Beyond the specific skills in the discipline, which of course are very important in the STEM field, we also require students to have a general education. This enables them to fully understand the importance of world history, how to become leaders, ethical innovators, and global citizens. All of these are important attributes of San Diego State University graduates. In addition, we also want to make sure we assist them with professional development skills so they are career ready in whatever field or industry they choose.
I also want to talk with you about future plans of San Diego State University in Georgia, because as I understand, this system not only works but it works very well.
During our visit we brought important deans and faculty members. This included our Dean of Sciences, Dean of Engineering, Chair of Chemistry and Biochemistry, Chair of Computer Sciences, and Chair of Electrical and Computer Engineering, and lastly the Chair of Civil and Construction Engineering. These faculties are working to see how we can create an opportunity to continue this great work. Some of it will be through the partnerships with Georgian faculty. One of the big goals was to get the faculty from different fields at a level where they can be internationally accredited. We are currently in the process of completing this objective. In addition, we want to move forward with joint research projects. We want to see how we can bring some students from this program into our doctoral programs. We’re also looking at opportunities in which we can further develop programs that can support other programs that might emerge with San Diego State as well. The advisory committee will be coming out in April so we can discuss the pathways on which we can build a future long term relationship with our sister institutions here in Georgia.
To sum up, which stage of development is SDSU at today and what kind of role does it have in the Georgian educational system?

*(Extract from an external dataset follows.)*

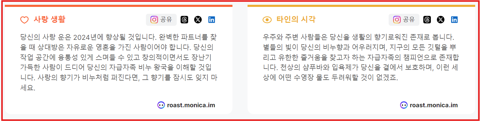 ▶인스타그램 로스트마스터 모니카 AI분석,팩폭으로서 사랑생활과 타인의시각은어떤지를살펴줍니다.

I think we’ve been very fortunate that the Millennium Challenge Corporation through the Millennium Challenge Account Georgia has supported this particular initiative and we’ve had such strong support from the governments of United States and Georgia. We have also had strong philanthropic support from private donors for the program. It is taking us a while to get to the point where now there is a national recognition of the significance of this program, and I think that means there is going to be a positive trajectory for this program in the future. My hope is,as we begin to plan for the future, particularly the private sector in Georgia, the philanthropic community begins to invest even more in higher education. I think the future of this country is based on investing in the youth because as you invest in youth education, you also impact productivity. Georgia, like many countries throughout the world, is suffering from an age profile where many people are retiring without investing in the productivity of the youth. When this happens, you are going to have an imbalance in the economy, which is not feasible in any country. So our pathos is that it has to really focus and ask ourselves how do we engage the youth, how do we engage them to go into fields of importance and how do we create a salary structure that’s going to keep them here so they don’t choose to leave the country. Because the other issue is that if you don’t increase salary levels, young people will leave. They will go somewhere else where they feel that they can earn higher wages. So this is very important and pivotal moment for Georgia.